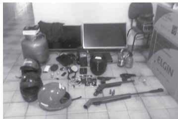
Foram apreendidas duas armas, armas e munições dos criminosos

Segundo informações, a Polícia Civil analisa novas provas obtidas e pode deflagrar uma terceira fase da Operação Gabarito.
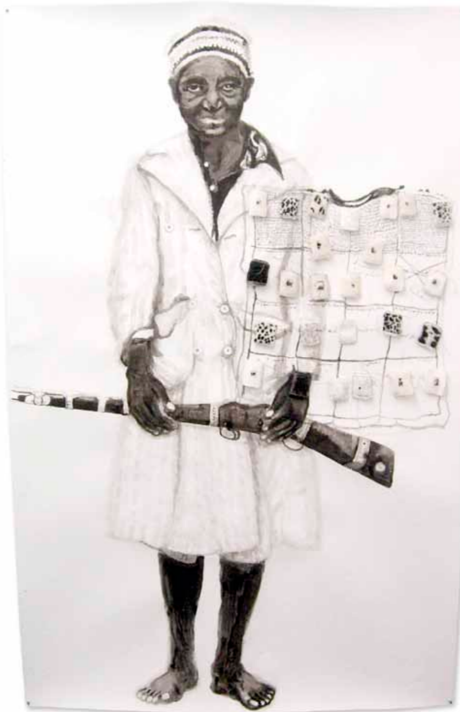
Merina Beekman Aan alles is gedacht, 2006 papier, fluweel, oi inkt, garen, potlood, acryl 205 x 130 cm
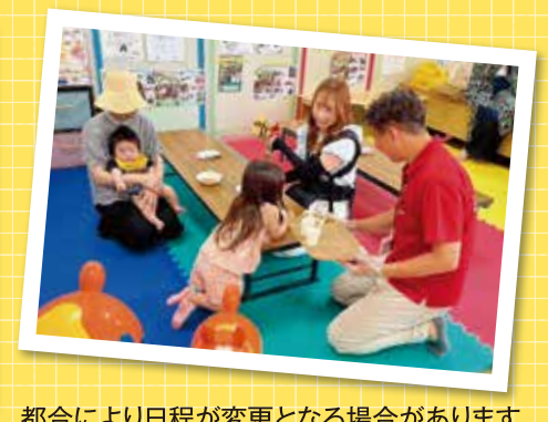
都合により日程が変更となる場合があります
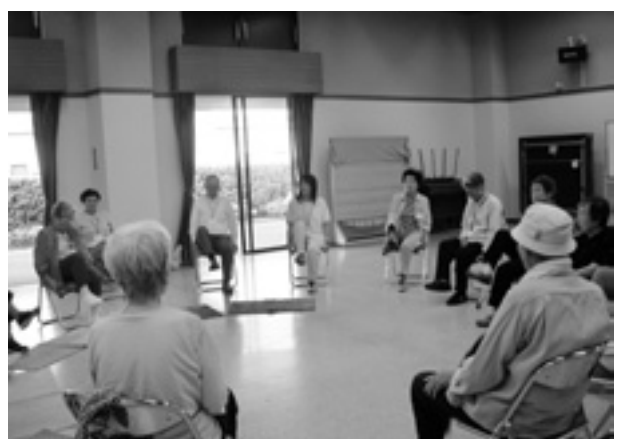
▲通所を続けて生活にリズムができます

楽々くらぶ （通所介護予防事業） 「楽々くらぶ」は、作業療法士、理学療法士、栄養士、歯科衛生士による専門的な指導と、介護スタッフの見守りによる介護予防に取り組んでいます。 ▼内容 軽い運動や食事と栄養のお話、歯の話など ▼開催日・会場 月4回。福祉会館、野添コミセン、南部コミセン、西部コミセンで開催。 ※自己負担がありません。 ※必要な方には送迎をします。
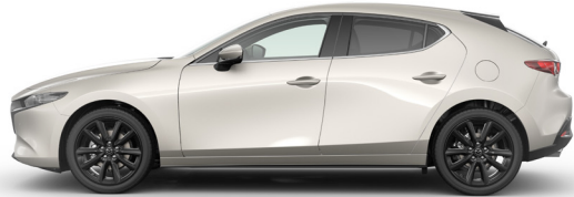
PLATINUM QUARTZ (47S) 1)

+ + + +

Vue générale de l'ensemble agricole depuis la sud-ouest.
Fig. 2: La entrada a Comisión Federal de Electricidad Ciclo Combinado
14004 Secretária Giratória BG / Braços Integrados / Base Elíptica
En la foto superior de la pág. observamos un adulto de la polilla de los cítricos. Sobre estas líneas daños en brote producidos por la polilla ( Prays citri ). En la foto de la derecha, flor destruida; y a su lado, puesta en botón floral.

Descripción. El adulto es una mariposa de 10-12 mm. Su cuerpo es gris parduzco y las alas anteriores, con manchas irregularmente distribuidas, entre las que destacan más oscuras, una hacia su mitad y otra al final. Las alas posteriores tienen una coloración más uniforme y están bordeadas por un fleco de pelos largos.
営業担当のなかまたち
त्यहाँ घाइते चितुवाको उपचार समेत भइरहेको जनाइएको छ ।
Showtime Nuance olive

+ + + +

Exercise aim: Count the lines in the data that contain the string "adulto", and give nothing but that number.

Exercise solution: 2